Northeastern Section - 36th Annual Meeting (March 12-14, 2001)

Paper No. 2
Presentation Time: 8:30 AM-12:00 PM

GEOCHEMISTRY OF MIDDLE PROTEROZOIC MOUNT EVE GRANITES FROM THE NJ/HUDSON HIGHLANDS: A-TYPE GRANITES RELATED TO POST-OROGENIC COLLAPSE?


ESTELLE, Todd, Department of Earth & Env. Studies, Montclair State Univ, Upper Montclair, NJ 07043 and GORRING, Matthew, Department of Earth and Environmental Studies, Montclair State Univ, Upper Montclair, NJ 07043, dockets@hotmail.com

The Mount Eve Granite is a post-tectonic Middle Proterozoic rock with a U-Pb crystallization age of 1020 ±4 Ma (Drake et al., 1991) and strong A-type geochemical characteristics. Sixteen samples were collected from three different localities including the type-locality near Mount Eve and Adam near Pine Island, NY; Pochuck Mountain, Owens, NJ, and southeast of Lake Mohawk in Sparta, NJ. The samples are equigranular, medium- to coarse-grained rocks consisting of quartz, microperthite, oligoclase, with minor hornblende and biotite, and accessory zircon, allanite, and magnetite. Major and trace element analysis were obtained by ICP-OES and INAA. Samples from Mt. Eve/Adam are strongly metaluminous (A/CNK=0.6 to 1.0) whereas Pochuck Mt. and Lake Mohawk samples are slightly peraluminous (A/CNK=1.0 to 1.2).

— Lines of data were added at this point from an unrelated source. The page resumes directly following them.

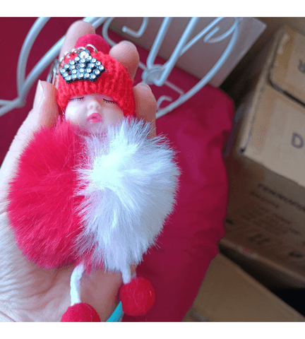 Sevimli ponpon bebek kırmızı anahtarlık çanta aksesuarı
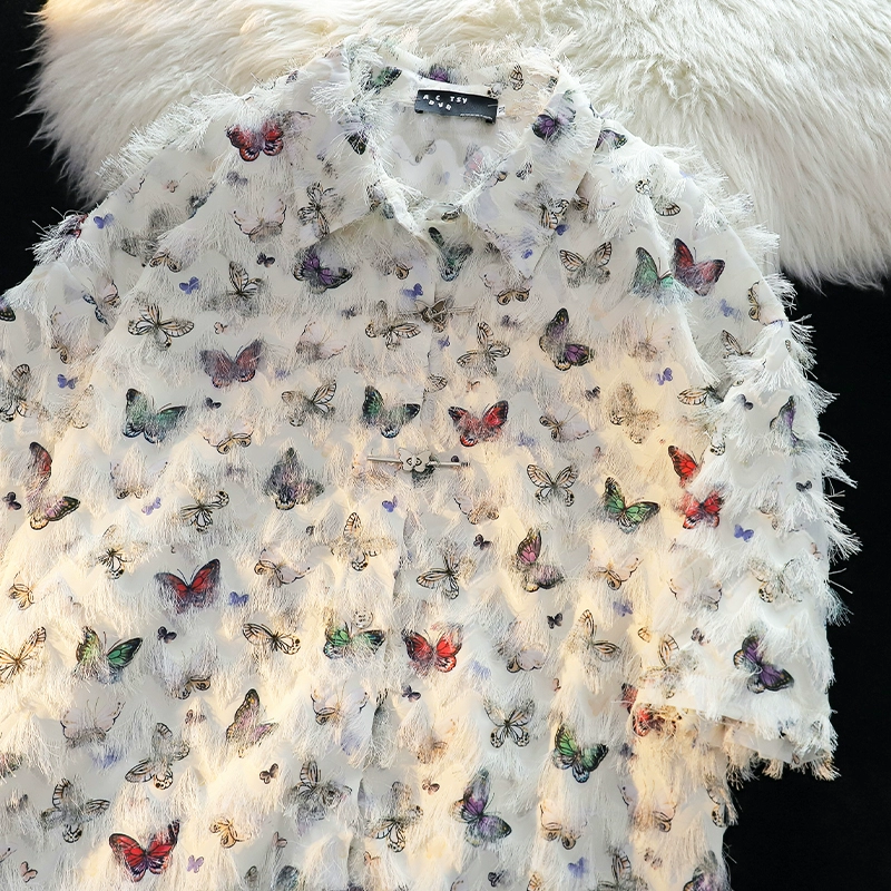 فراشة المتخصصة شرابة قصيرة الأكمام زوجين التطريز الجميل
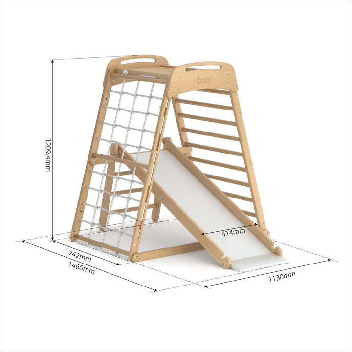A feature that sets our mini gym apart is the slide, ingeniously designed to flip and double as a climbing wall, challenging and enhancing your child's agility, balance, and strength. This toddler activity gym is thoughtfully created to foster both physical and imaginative growth, making it an essential addition to every playroom. Our additional extension piece adds a platform for the slide and extended climbing bars, meaning kids can share their mini gym adventures with one more friend.
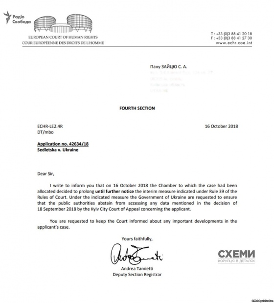 В обращении Наталья Седлецкая просила суд остановить сбор Генеральной прокуратурой Украины ограниченного перечня информации с ее телефона в течение 17 месяцев. Разрешение на сбор этой информации следствию выдал Апелляционный суд Киева 18 сентября 2018 года. В тот же день Европейский суд по правам человека указал правительству Украины, что оно должно обеспечить удержание органов власти от доступа к любым данным с телефона журналистки.
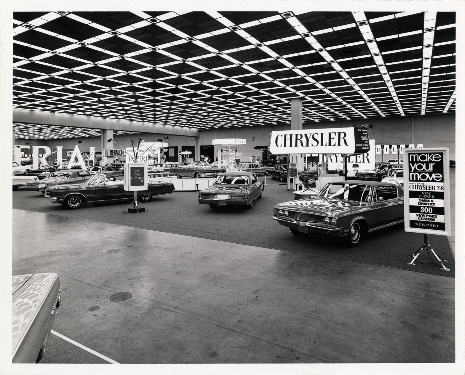View of Chrysler exhibit at the 1968 Detroit Auto Show. Chrysler cars displayed in exhibit and "Chrysler" sign in background. Stamped on back: "Benyas-Kaufman photographers. 8775 W. Nine Mile Rd., Oak Park, Mich. 48237. Phone (313) 548-4400." Typed on back: "52nd Annual Auto Show, Nov. 18-26, 1967."
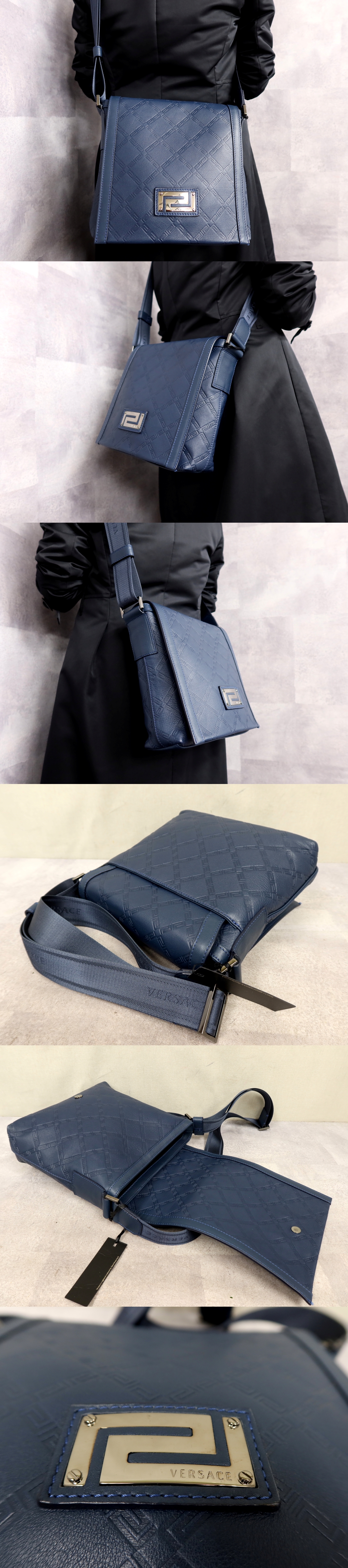 ●超美品●VERSACE ヴェルサーチ●メンズ●フラップ●ロゴ型押し●総柄●カーフ レザー 本革●ショルダー バッグ●ネイビー●B5●Js61861 收藏

Samples from all localities have strong A-type geochemistry defined by high K/Na (1-5), Ba/Sr (3-12), Fe/(Fe+Mg) (0.8-0.98), Ba (400-3000 ppm), Zr (200-1000 ppm), Y (30-130 ppm), Ta (2.5-6 ppm), Total REE (300-1000 ppm), and low MgO (<1%), Cr and Ni (<5 ppm), and relatively low Sr (200-700 ppm). Major and trace element data support the interpretation that some of the granites are related by crystal fractionation processes. For example, large negative Eu anomalies (Eu/Eu*=0.1-0.6) and low Sr, Ba, Y, and Zr in fractionated samples suggest crystallization of feldspars and accessory phases (zircon, monazite, allanite). Parental granites also have negative Eu anomalies and high HREE contents indicating a garnet-free, mid-crustal source with residual feldspar. Regionally, the Middle Proterozoic basement gneisses are mostly tonalitic, trondhjemitic, granodioritic in composition, which on partial melting could yield A-type granites. The Mount Eve Granites are post-Ottawan (1.1-1.0 Ga) deformation which suggesting that they represent a crustal melting event possibly due to mantle delamination and associated orogenic collapse during the late stages of the Ottawan phase of the Grenville Orogeny.